Но однажды дед взъерепенился:
— Какими бабьими притирками несет от тебя, Тимофей?
Тимофей в тот день заменял запившего пекаря Августина, мастера по слойкам и булочкам с ванилью. За два года старик многому научил парня. И хотя весь день в закутке Августина было чадно и душно и у Тимофея от угара кружилась голова, это было все-таки лучше, чем ездить по поселку на Сатурне.
— Притирками? Да что вы, на самом деле, дедушка! — возмутился Тимофей. У него прорезался басок, и речь звучала по-мужски грубовато.
— Цыц! На деда голос подымаешь?
— Да не поднимаю я ничего! — возмутился Тимофей и выбежал на улицу. Было до слез обидно, что вместо привета дед встретил его этими глупыми придирками. Мать выбежала вслед, позвала, успокаивая:
— Не сердись на него, Тимоша… Старый что малый. А у нас он хуже всякого малого.

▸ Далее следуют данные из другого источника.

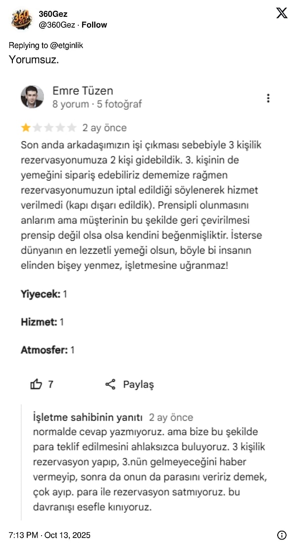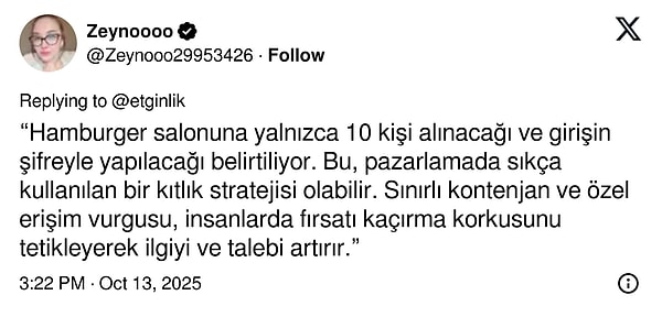 İstanbul Emirgan'daki bir hamburgercinin çalışma şekli ve sosyal medya hesabınan duyurduğu fiyatları gündem oldu. Günde sadece 10 müşteri aldığını belirten işletme, 3 arkadaş gidecekken birinizin işi çıkarsa siz onun parasını vermek isteseniz bile rezervasyonunuzu iptal ediyor. Mekana girebilen günlük 10 kişiden biri olabilmeniz için günler öncesinden rezervasyon yaptırmanız gerekiyor ve dükkandan içeri girerken de size verilen özel şifre ile kapıyı açmalısınız.
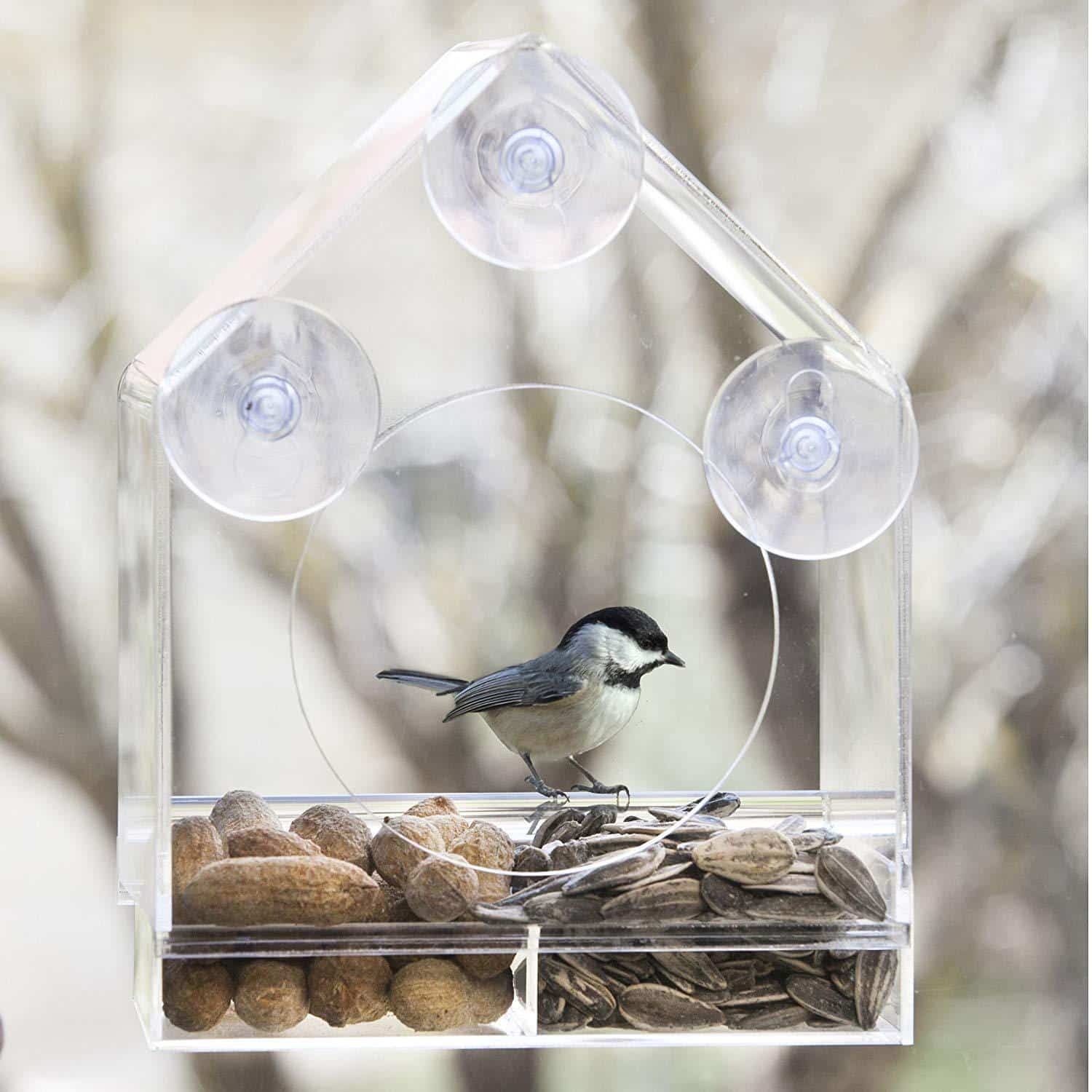 Nom du produit : Mangeoire à oiseaux suspendue en acrylique. Cage à oiseaux en acrylique transparent

Тимофею нравилось заменять старого Августина. Еще бы! Вместе с глухой теткой Степанидой заводить тесто, разделывать его, ставить в печь. Он с немужской цепкостью запоминал рецепты, большие, неловкие на вид руки его с женской тщательностью укладывали слойки и булки на большие противни, густо лоснящиеся от масла, а потом, подрумяненные, приятно пахнущие жженым сахаром и топлеными сливками, бережно снимал и укладывал на широкие доски. После работы Тимофей любил теперь забегать в сельповскую булочную, где на сосновом прилавке грудкой лежали золотистые слойки. Он стоял и смотрел, как продавщица, высокая и медлительная тетя Клаша, отсчитывала слойки, потом забирала их по три в руку и бросала в сумки, кошелки, авоськи. Остывшие слойки почти теряли свой особенный аромат, но все равно в магазине стоял приятный запах хорошо пропеченного сдобного теста. И ничего не было бы плохого, если бы Тимофей подошел и сказал, что это он сегодня утром выпек слойки, что каждая из них побывала у него в руках. Но он не подходил и не говорил этого, он просто стоял и смотрел, и не испытанное еще чувство гордости за сделанное им вызывало на худом, с крепкими скулами лице парня застенчивую улыбку.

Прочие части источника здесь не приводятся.